Siapakah yang ber Tuhan dan
siapakah yang menghianati adanya peran Tuhan. Isi kepala Rosita bertambah satu
pengetahuan. Ia perlu segera ke tempat kakeknya untuk menyimpan pengetahuan
itu. Tapi kakeknya tampak sekali sedang berduka. Ia duduk ditengah ruangan yang
gelap. Ketika Rosita hendak menyalakan saklar lampu, dihardiknya dengan keras.
“Biarkan lampu itu mati.
Negeri ini sedang gelap.”
“Hari ini saya dipecat.”
“Kamu hanya kehilangan
pekerjaan, tapi aku telah kehilangan segala-galanya.” Hadi seperti mau
menangis. “Sekarang aku juga kehilangan Ong.”
“Apa yang terjadi dengan Pak
Ong?”
“Dia mati kena serangan
jantung mendengar cucunya di perkosa di Glodok.” Sekarang Hadi benar-benar
menangis.
Baru kali ini Rosita melihat
kakeknya menangis dan ia tidak bisa menahan bibit airmatanya sendiri untuk
keluar. Tangis terakhir kakeknya ia lihat ketika neneknya meninggal. Pada
saat-saat tertentu, kakeknya adalah laki-laki rapuh.

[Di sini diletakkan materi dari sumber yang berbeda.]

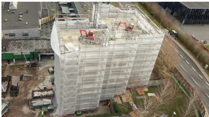
Et overblik fra nedrivningen af et højhus i Brøndby Strand.

En indskærpelse bruges, når kommunen påpeger, at der er et ulovligt forhold, og at den ansvarlige skal bringe det i orden. Det kan også ses som en løftet pegefing, og hvis forholdet ikke bringes i orden, vil en politianmeldelse være det næste skridt.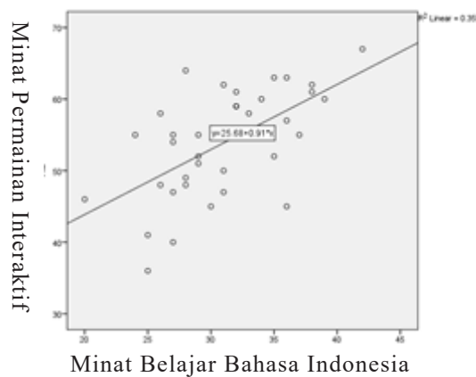
Gambar 3 Bagan pencar relasi minat permainan interaktif dengan minat permainan kosakata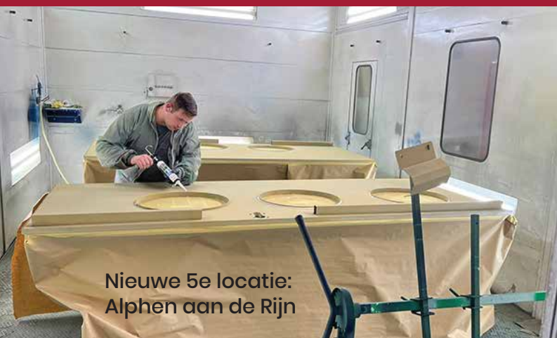
Nieuwe 5e locatie: Alphen aan de Rijn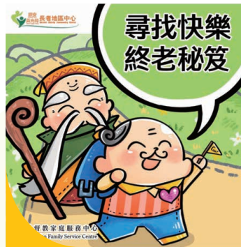
建立樂觀的盼望是尋找快樂終老秘笈的重點。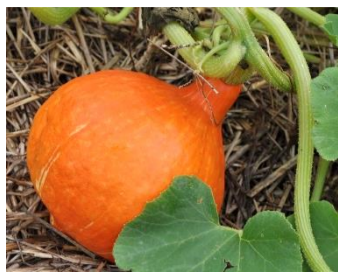
N°101 Courge Maxima Potimarron Red Kury

Chaque plant produit plusieurs fruits rouges pouvant atteindre 2 kg , en forme de toupe . Chair orange et sucrée à goût de châtaigne . Pas nécessaire de peler ce fruit. Récolte : juillet à novembre.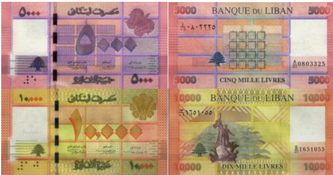
* LÍBANO - 2013, cédulas de 5.000 e 10.000 Libras.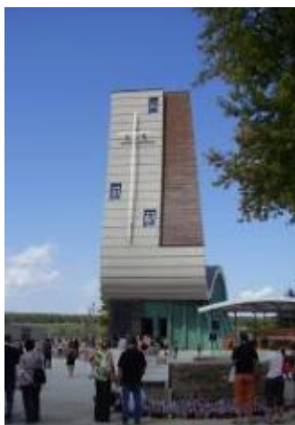
Slika 13. Crkva Gospe od Utočišta u Aljmašu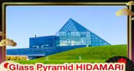
• Glass Pyramid HIDAMARI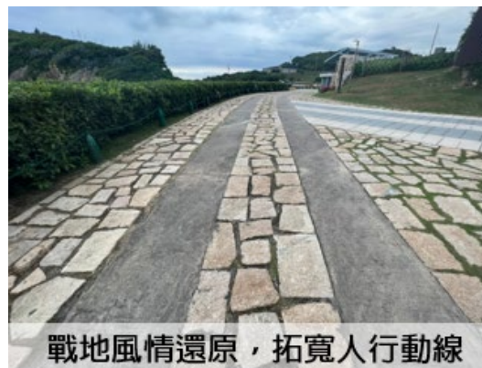
戰地風情還原，拓寬人行動線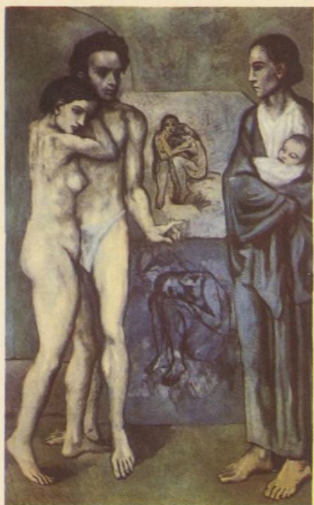
PICASSO: La Vida (Cleveland, Museo de Arte)

La sexualidad es un tema de rabiosa vigencia, en cuya difusión existen incontrolados intereses. Se hacía necesaria, en lengua castellana, una colección que tratara de la relación hombre-mujer, la psicología de los sexos, los aspectos socioculturales, su historia, bajo la autoridad de unos especialistas que aunaran su rigor científico con una forma de comunicación amplia. Bajo la dirección del profesor Juan José López Ibor, acuden a esta colección más solventes especialistas para tratar los más comunes y naturales temas sexuales.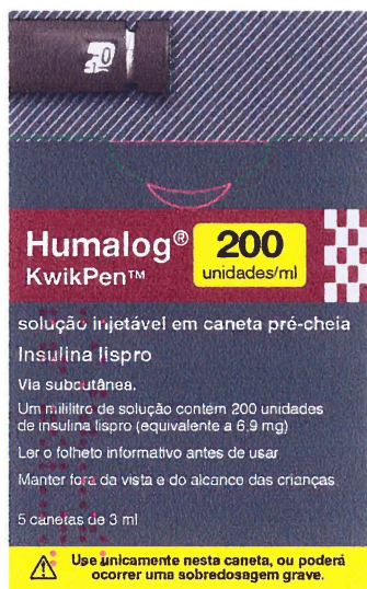
Cartonagem exterior da Humalog 200 unidades/ml KwikPen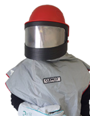
Casque de sablage CLEMCO CE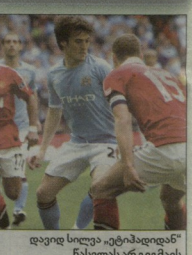
დავით სილა „ეტაპიდან“ ნახლას არ ვეგმავს

საკუთრება, თუმცა ვალუენტინო პრაზილილი დიროფის არაფორი სურს ბუქების ლუქისმანზე ხარკიკდება.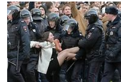
Detienen a centenares en multitudinarias protestas en Rusia

EL INFORMADOR valora la expresión libre de los usuarios en el sitio web y redes sociales del medio, pero aclara que la responsabilidad de los comentarios se atribuye a cada autor, al tiempo que exhorta a una comunicación respetuosa.

“Tidak perlu kau tangisi,”
Hadi sudah bisa menghentikan tangisnya seketika. “Negeri ini masih butuh banyak
darah lagi sebagai tumbal.”
“Saya akan meneruskan menulis
buku kakek.”
“Itu mungkin lebih baik. Di
negeri ini perintah dilaksanakan. Orang mati."
"Tapi kenapa?"
"Seringkali alasan tidak
diperlukan."
"Apa itu berarti ada
alasan lain dibelakang ini?"
"Kamu masih punya
kesempatan mencari jawaban itu sendiri."
Apa yang selama ini Rosita
lakukan, itulah yang harus dia lakukan. Soal kejujuran tergantung seberapa
banyak kebohongan yang ia sembunyikan. Kecuali untuk soal pribadi, Rosita
merasa telah jujur sepanjang karirnya.
Mungkin kejujuran itu juga yang membuatnya dipecat dari pekerjaannya.
Mungkin juga kejujuran yang membuat Fajar harus mati diujung senapan.
***
Inaya telah memutuskan untuk
meneruskan apa yang selama ini Fajar lakukan. Ia dipaksa untuk memulai hidup
baru. Apa yang akan dihadapinya kelak ia tidak pernah tahu. Baginya yang
penting ia harus melakukan sesuatu yang berarti. Satu-satunya yang berarti
sekarang adalah menggalang semangat sesama teman seperjuangan.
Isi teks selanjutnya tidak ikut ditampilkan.